Here is what she writes in the five year review piece:
“It was on the eve of January 2005 that an Ordinance was issued to amend the Patent Act 1970 and bring in a regime that would honour product patents.
Five years on, if there is an agreement among stake-holders of the pharmaceutical industry – a sector covered by the Act – it is their unhappiness with the implementation of the Patents (Amendment) Act, 2005.
But the agreement ends there, as criticism of the Act goes along the expected divide of the domestic drug industry’s outlook, as opposed to that of the multinationals.
Though the amended law has been implemented on the ground, it has not used flexibilities provided by world trade norms to the optimum level, says an IP expert. While Section 3 (d) of the Act has been used to block frivolous patent applications, there still is room for interpretation, he observes. Besides, there are too few patent examiners to clear the manifold increase in patent applications, he adds.
Over 35,000 patent applications were filed in 2007-08, of which over 15,000 were granted, says the Indian Patent Office. This is an increase from 12,000-odd patent applications in 2003-04, of which about 2,400 were granted.

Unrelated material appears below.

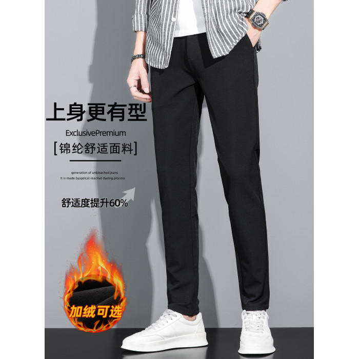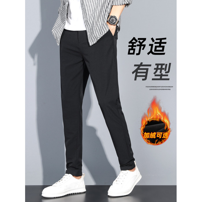 秋冬2026新款男士休閒褲修身直筒褲商務西褲不沾毛長褲加絨男褲子

And by its own admission, there are only about 160 patent examiners – and even this is dwindling, says a patent expert familiar with the development.

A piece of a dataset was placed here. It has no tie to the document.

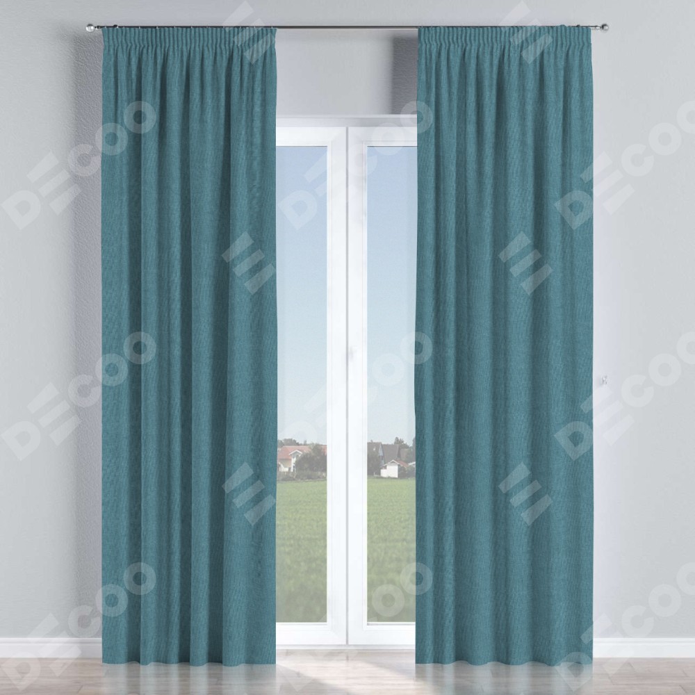 Комплект прямых штор, от производителя «Cortin», пошиты из ткани лён димаут светло-синий, артикул ткани 91007. С изнаночной стороны в верхней части штор пристрачивается шторная лента с декоративными складками «Карандаш». Для создания элегантных складок прямые шторы шьются по стандарту с коэффициентом 1:2 (на 100 см. ширины проёма 200 см. ширины ткани).

Bringing in the product patent law is one thing, but there still is no domestic eco-system available to implement it on the ground, observes Mr Ranjit Shahani, President, Organisation of Pharmaceutical Producers of India, and head of Novartis in India.
Glivec case
Novartis’ patent application on its blood cancer drug Glivec has become a bench-mark case under the amended regime. Glivec was the first pharmaceutical product to get a green signal from the Indian Patent Office in the run-up to the amended regime in 2005. Subsequently, the Patent Office rejected Glivec’s patent application in 2006, and ever since it has seen a long and litigious journey. The case awaits legal proceedings, now in the Supreme Court.
IP expert Dr Prabuddha Ganguli says five years is too long to set right anomalies in the amended law, on compulsory licensing and disclosures on geographical origin of biological material, to mention a few.
“We are losing time,” he says, with the debate taking an emotive tone, rather than a rational one.
But IP expert Mr Shamnad Basheer feels it is too early to judge the Act. However, the mechanism to oppose patent applications seems to have worked, he observes. Of 9,719 pharma applications filed between 2005 and 2008, he says, only 34 were challenged. And 25 of these resulted in rejections, with the patent applicant winning in only 9 cases, he adds. Why the oppositions were few remains unclear, he says, despite India’s vibrant generic sector and active non-government organisation community that oppose frivolous pharma patents.
But what is clear, say industry stakeholders, that the there is the need for a better equipped patent and judicial infrastructure to handle the increasing number of patent applications and possible challenges.